Pay equity: inside the poison pill of the 2009 budget

Conservatives using budget to ram through their ideological agenda, say opposition MPs


Buried within the budget implementation act were provisions that will change the way that pay equity is dealt with in the federal public service. With the bill now passed by the Commons, those changes are almost certainly due to become law by spring.

“Our government respects the principle of equal pay for work of equal value,” Treasury Board President Vic Toews announced when the bill was introduced. “That is why we have taken action to update the lengthy, costly and adversarial complaint-based pay equity regime. It didn’t serve employees or employers well. In many cases women were waiting 15 years or more for a resolution to pay equity complaints after gruelling and divisive debates in court.”

This legislation — along with the decision to bury it in an omnibus bill that is ostensibly about fiscal stimulus — leaves many MPs and advocates unhappy.

“We believe that pay equity is a human right,” says Patty Ducharme, national executive vice-president of the Public Service Alliance of Canada (PSAC). “It’s an equality right and as such you don’t negotiate it. You don’t negotiate provisions for sexual orientation, you don’t negotiate provisions for accommodation, you don’t negotiate provisions for racism, so why the hell would you negotiate provisions for women’s equality?”

Another provision that has Ducharme upset is that any union assisting in a pay equity challenge will be fined $50,000.

“The whole thing is bizarre,” says Liberal MP Maria Minna, chair of the party’s women’s caucus. “It seems to be totally counterintuitive to what they think they’re doing.”

“It is not proactive pay equity legislation,” she adds. “If they were to take the Quebec/Ontario model and put it in there, then they would have proactive pay equity legislation.”

The NDP Status of Women critic Irene Mathyssen concurs.

“All they need to do is to go back to the 2004 Task Force on Pay Equity Report,” she says. “It’s all laid out there, and it’s quite doable. I was in government in Ontario. They began the process in 1988. We continued it in 1990 to 95, putting in place the various categories so that it works effectively. We can do that here — we just need to have a government that believes in women, that believes in equal pay for work of equal value.”

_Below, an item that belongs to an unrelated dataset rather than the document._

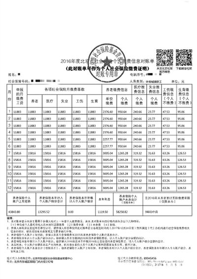 从本月起,参保职工就可通过多种方式查询、核对自己2016年度社保缴费情况。凡是在2016年内参加了社会保险、且有1个月(含)以上正常缴费记录的参保人员,自今年6月1日起,即可通过北京市社会保险网上服务平台、自助服务终端等多种渠道,查询打印2016年度社保对账单,核对个人社保缴费情况。

Treasury Board, the government department that deals with public sector compensation, says that some of the changes, like raising the threshold for what is considered a female predominant workplace, were because of high mobility in smaller departments which changed them from male-predominant to female-predominant several times in a single year, and that the changes also brought them into line with some provincial pay equity systems.

As well, they added an additional condition of “market factors” to the “value of work” consideration.

 

“In order to be fair and set reasonable wages, the collective bargaining process must take into account conditions in the economy and the Canadian labour market,” says a Treasury Board spokesperson. “This is what all employers do in negotiating wages. Under the Public Sector Equitable Compensation Act, employers and bargaining agents must ensure that collective bargaining is conducted such that these market and economic conditions are taken into account in a discrimination-free manner.”

Treasury Board also confirms that there are currently two pay equity challenges before the Canadian Human Rights Commission. These changes would affect as many as 400,000 Canadians.

While all three opposition parties rose in the House to speak against the pay equity provisions in the bill, the Liberals ultimately gave the bill a pass.

“It was a poison pill, and it was put there for purely political reasons,” says Vancouver MP Hedy Fry. “Everyone feels that this government has shown its total ideological bent when it uses something that should be helping to create jobs, stimulating the economy, [putting] money in [people’s] pockets to spend to keep businesses afloat, keep that going. Instead, they’ve just taken that opportunity, when people are down, to kick them.”

“Having said that, if we’d have our druthers, there are all kinds of things that we would like to see. The point is, is this the time to throw out the baby with the bathwater?” Fry asks.

She says that they will be keeping an eye on the issue, but likens it to the Court Challenges Program.

“I don’t know how many people remembered that Brian Mulroney cancelled it — it was the first thing he did. What was the first thing the Liberal government did in 1993? Reinstate it. It just means we have to go back and do it again when we form government again.”

Dale Smith is a freelance journalist in the Parliamentary Press Gallery and author of The Unbroken Machine: Canada's Democracy in Action.